* WORK INSTRUCTIONS *
Pictures must not appear in the copy. Restate exactly the lines below from the one with "Ilustração de cerveja." through the one with "值得注意的是,京东也推出了自", inclusive.

^^^^

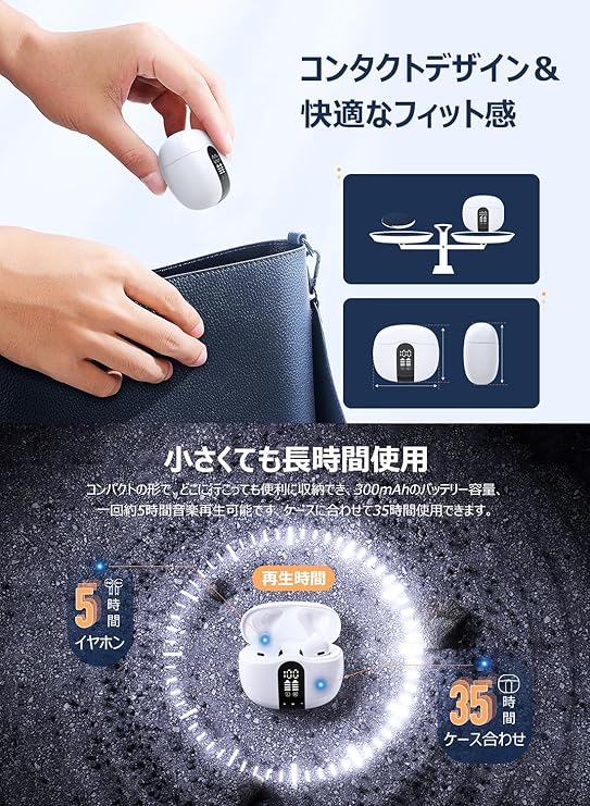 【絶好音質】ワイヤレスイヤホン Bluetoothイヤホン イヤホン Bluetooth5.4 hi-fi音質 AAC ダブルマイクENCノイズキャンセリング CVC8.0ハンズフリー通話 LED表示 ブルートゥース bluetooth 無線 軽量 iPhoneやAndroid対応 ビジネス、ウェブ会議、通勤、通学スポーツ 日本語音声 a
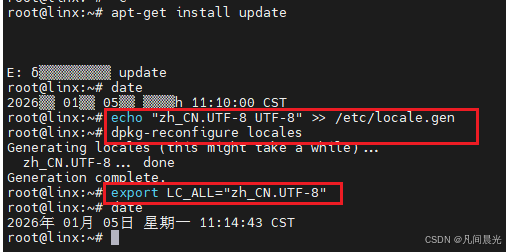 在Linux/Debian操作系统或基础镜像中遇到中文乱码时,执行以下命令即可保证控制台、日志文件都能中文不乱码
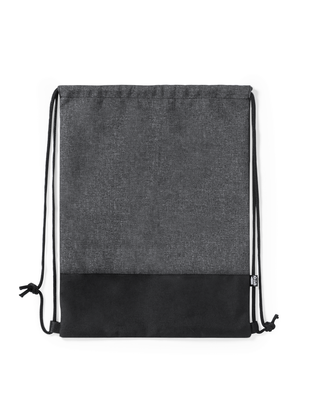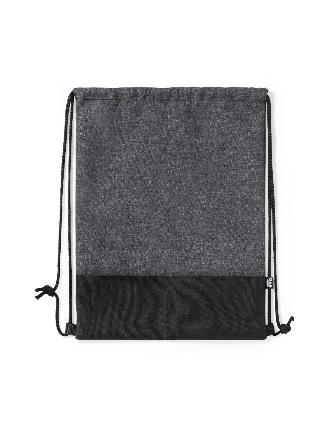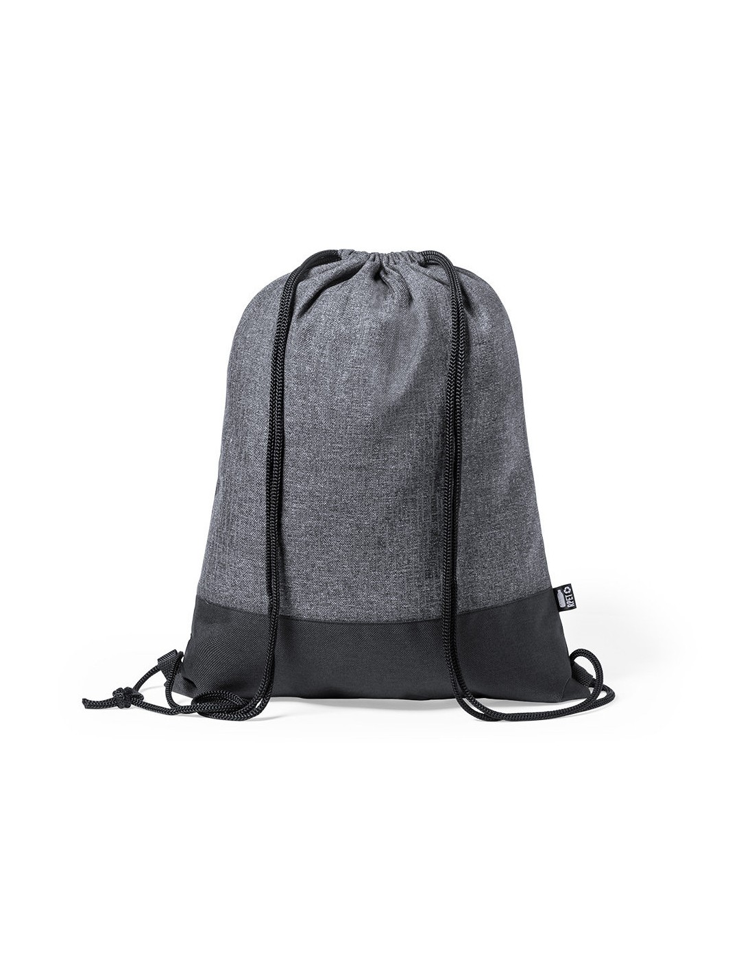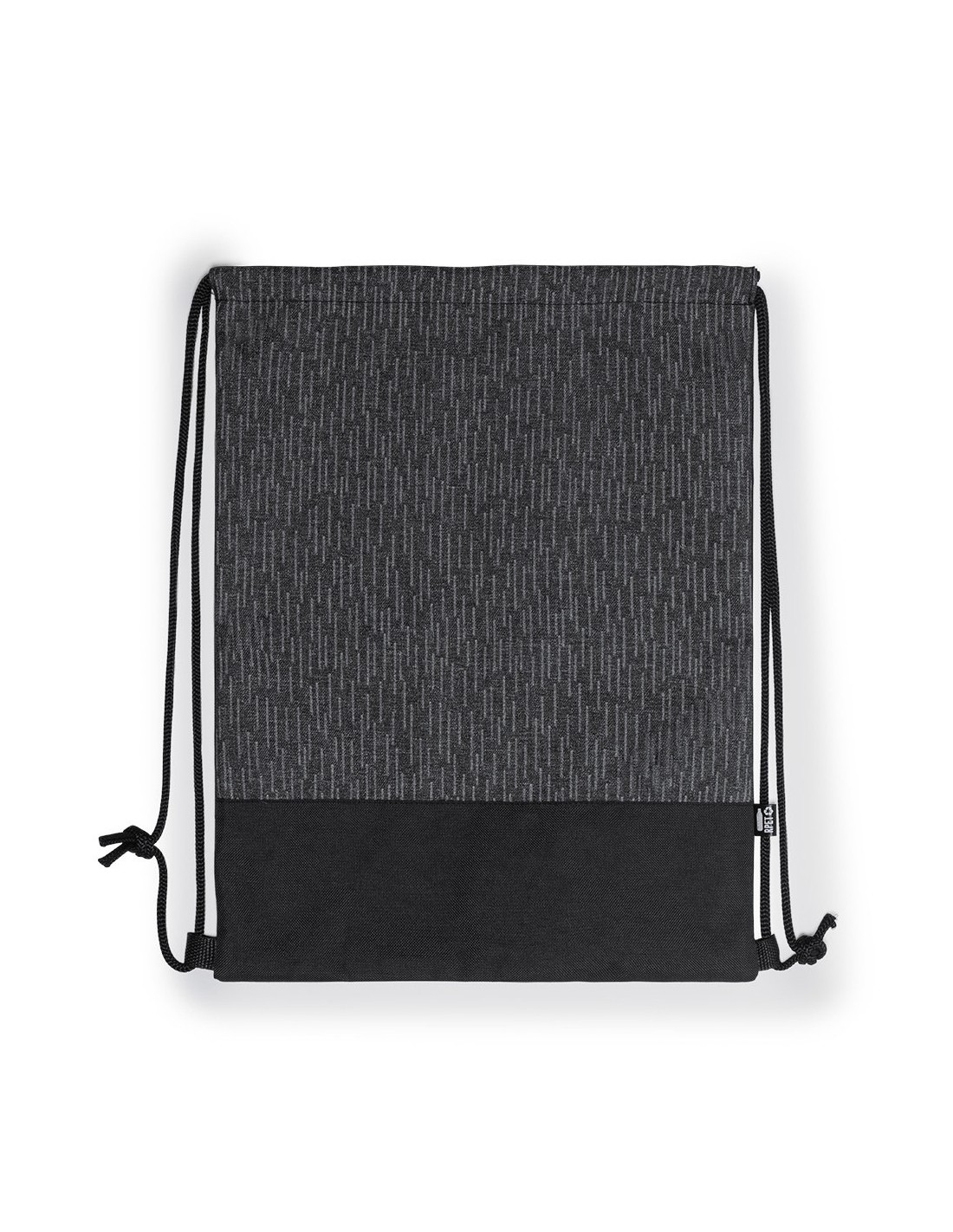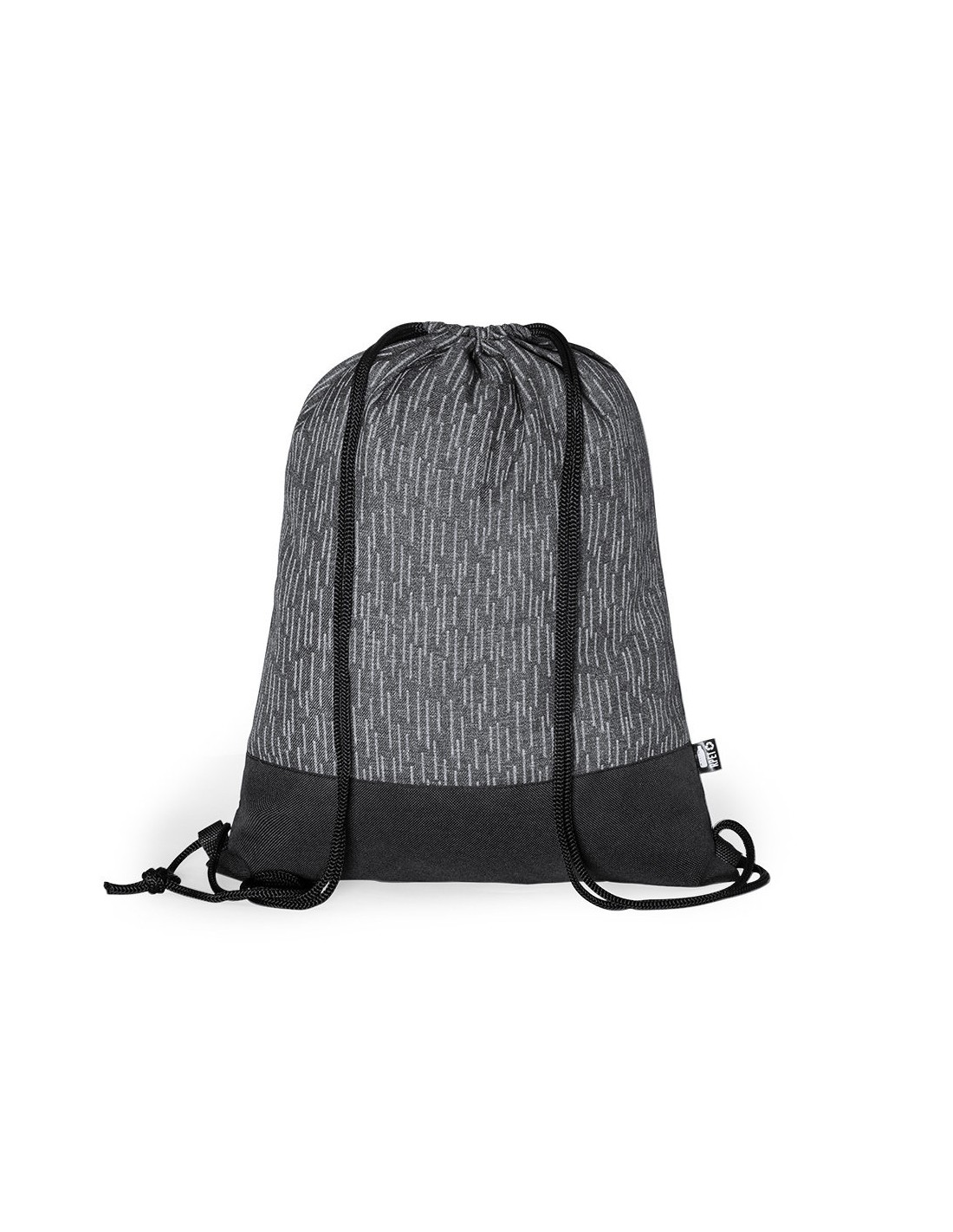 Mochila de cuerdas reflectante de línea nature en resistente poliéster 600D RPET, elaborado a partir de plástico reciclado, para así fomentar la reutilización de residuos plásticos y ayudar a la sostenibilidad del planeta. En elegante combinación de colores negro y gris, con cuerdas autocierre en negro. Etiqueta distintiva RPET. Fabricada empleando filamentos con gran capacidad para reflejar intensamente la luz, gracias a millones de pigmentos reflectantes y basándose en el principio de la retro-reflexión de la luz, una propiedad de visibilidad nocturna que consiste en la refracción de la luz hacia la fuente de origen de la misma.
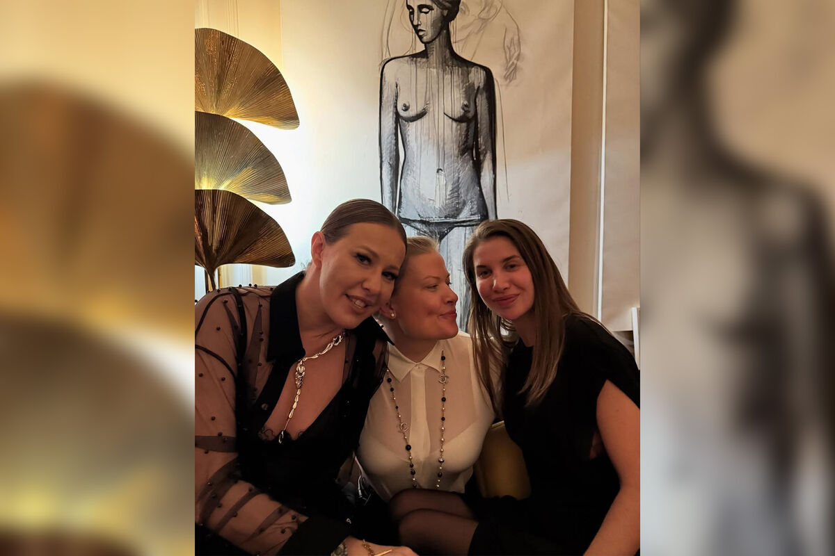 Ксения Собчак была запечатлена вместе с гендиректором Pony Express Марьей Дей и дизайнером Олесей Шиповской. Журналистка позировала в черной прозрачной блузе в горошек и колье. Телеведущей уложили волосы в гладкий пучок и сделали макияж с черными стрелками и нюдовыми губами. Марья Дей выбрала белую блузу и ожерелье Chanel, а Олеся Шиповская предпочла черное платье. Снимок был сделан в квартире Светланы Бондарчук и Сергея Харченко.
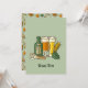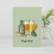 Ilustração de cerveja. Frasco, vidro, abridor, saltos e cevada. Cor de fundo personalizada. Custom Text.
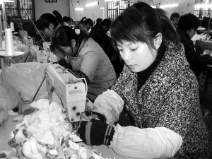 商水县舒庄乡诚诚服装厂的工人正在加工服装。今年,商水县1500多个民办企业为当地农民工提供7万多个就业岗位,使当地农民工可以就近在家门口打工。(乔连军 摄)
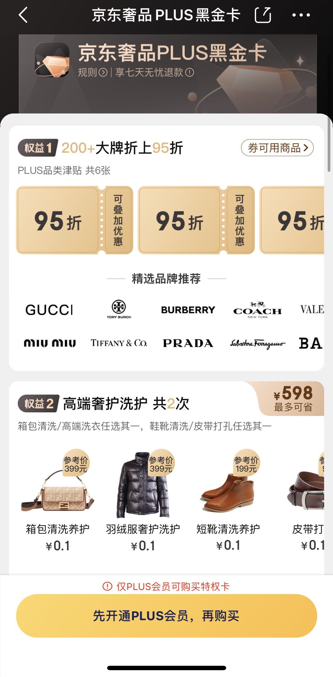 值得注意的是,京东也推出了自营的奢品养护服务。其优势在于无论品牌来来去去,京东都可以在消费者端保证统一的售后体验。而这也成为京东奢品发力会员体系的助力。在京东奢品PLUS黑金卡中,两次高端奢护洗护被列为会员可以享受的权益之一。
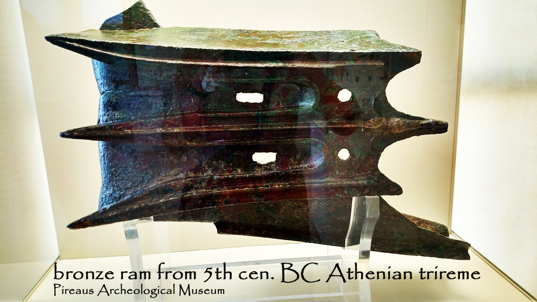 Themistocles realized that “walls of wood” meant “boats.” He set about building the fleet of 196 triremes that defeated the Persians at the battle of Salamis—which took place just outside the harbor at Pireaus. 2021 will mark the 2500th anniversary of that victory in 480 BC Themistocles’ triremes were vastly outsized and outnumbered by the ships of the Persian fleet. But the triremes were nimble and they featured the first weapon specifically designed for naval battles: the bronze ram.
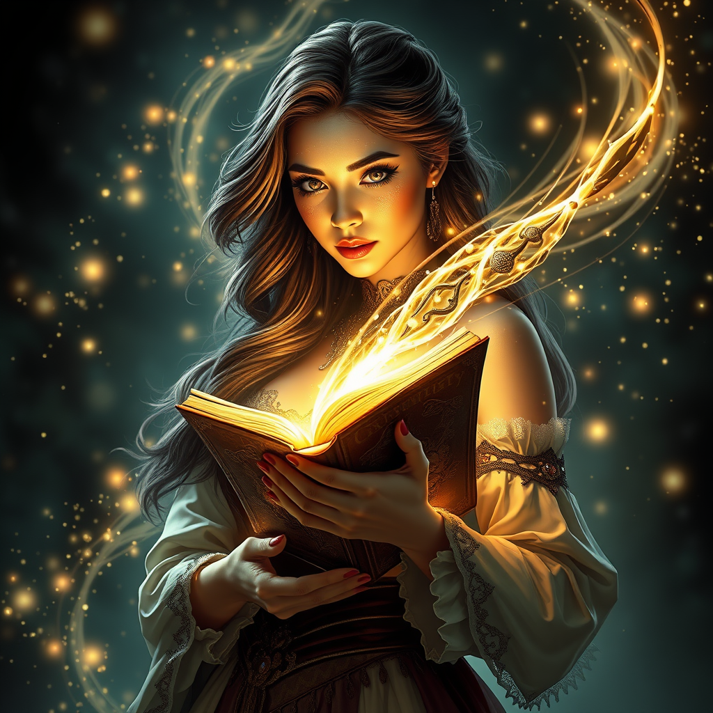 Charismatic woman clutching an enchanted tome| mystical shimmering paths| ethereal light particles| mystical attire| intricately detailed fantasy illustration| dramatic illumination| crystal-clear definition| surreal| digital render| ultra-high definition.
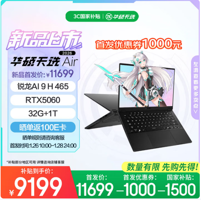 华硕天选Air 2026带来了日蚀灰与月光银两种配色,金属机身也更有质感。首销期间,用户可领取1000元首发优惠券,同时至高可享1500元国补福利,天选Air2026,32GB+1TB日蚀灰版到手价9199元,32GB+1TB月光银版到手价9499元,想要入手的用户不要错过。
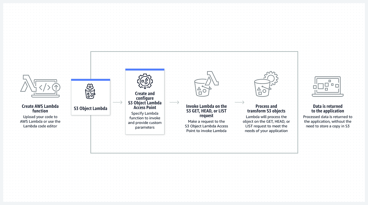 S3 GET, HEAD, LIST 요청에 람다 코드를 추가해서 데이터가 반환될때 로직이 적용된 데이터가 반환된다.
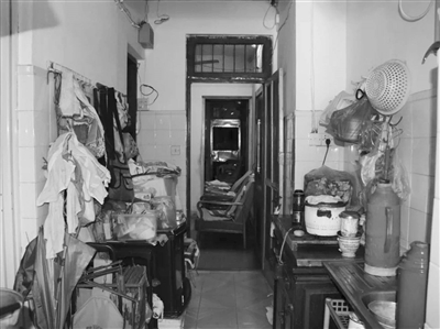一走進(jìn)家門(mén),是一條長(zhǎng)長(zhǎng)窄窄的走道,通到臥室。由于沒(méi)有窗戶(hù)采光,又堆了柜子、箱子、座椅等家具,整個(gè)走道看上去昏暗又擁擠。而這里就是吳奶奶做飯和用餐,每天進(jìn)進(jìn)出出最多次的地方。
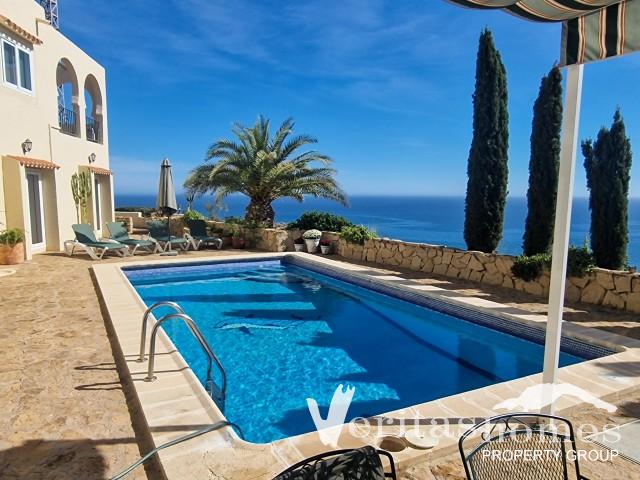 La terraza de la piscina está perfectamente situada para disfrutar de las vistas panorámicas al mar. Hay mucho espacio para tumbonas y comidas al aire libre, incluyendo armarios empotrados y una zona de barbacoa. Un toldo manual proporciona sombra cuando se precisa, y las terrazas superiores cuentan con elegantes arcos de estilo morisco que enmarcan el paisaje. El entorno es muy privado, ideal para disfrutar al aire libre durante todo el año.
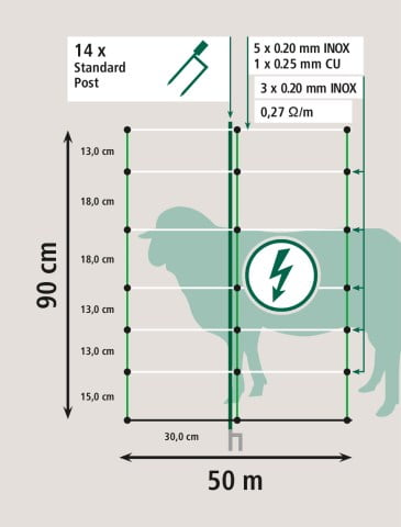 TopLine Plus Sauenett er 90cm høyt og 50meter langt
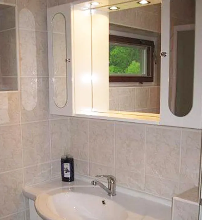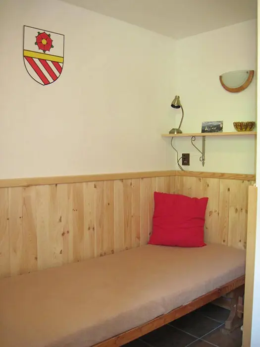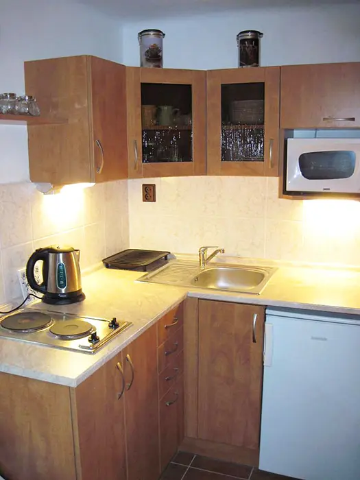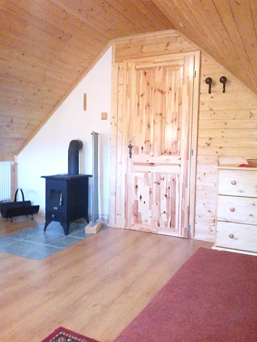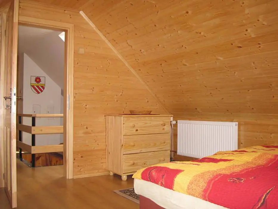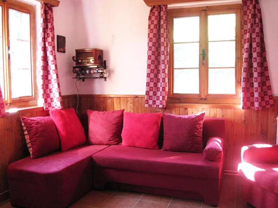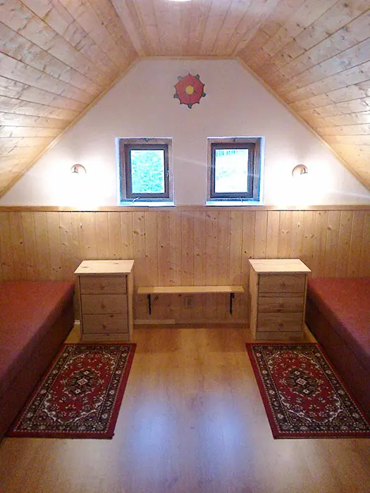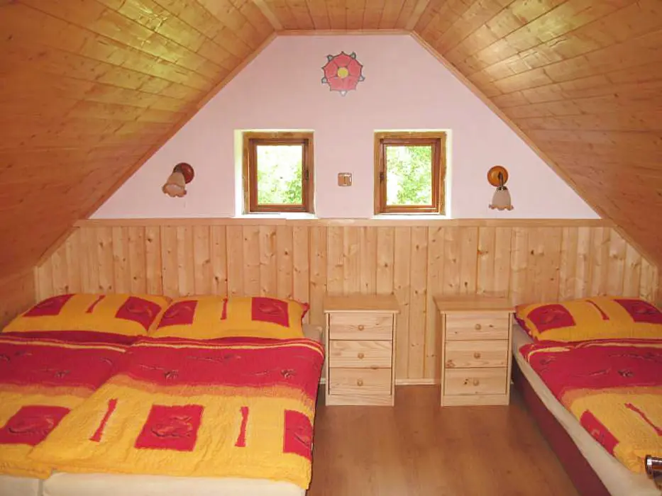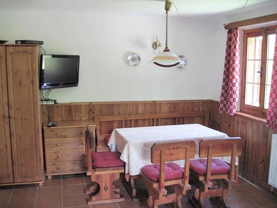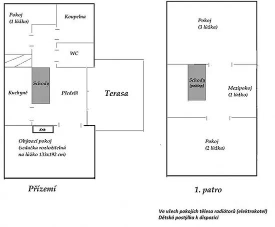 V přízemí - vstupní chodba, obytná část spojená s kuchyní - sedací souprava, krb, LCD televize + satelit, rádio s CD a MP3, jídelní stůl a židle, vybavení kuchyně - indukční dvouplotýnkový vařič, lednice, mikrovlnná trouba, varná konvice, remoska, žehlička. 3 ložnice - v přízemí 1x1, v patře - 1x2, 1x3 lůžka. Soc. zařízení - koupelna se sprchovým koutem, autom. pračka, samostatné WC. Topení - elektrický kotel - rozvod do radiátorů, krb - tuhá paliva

^^^^

* EXERCISE SOLUTION *
 Ilustração de cerveja. Frasco, vidro, abridor, saltos e cevada. Cor de fundo personalizada. Custom Text.
 商水县舒庄乡诚诚服装厂的工人正在加工服装。今年,商水县1500多个民办企业为当地农民工提供7万多个就业岗位,使当地农民工可以就近在家门口打工。(乔连军 摄)
 值得注意的是,京东也推出了自营的奢品养护服务。其优势在于无论品牌来来去去,京东都可以在消费者端保证统一的售后体验。而这也成为京东奢品发力会员体系的助力。在京东奢品PLUS黑金卡中,两次高端奢护洗护被列为会员可以享受的权益之一。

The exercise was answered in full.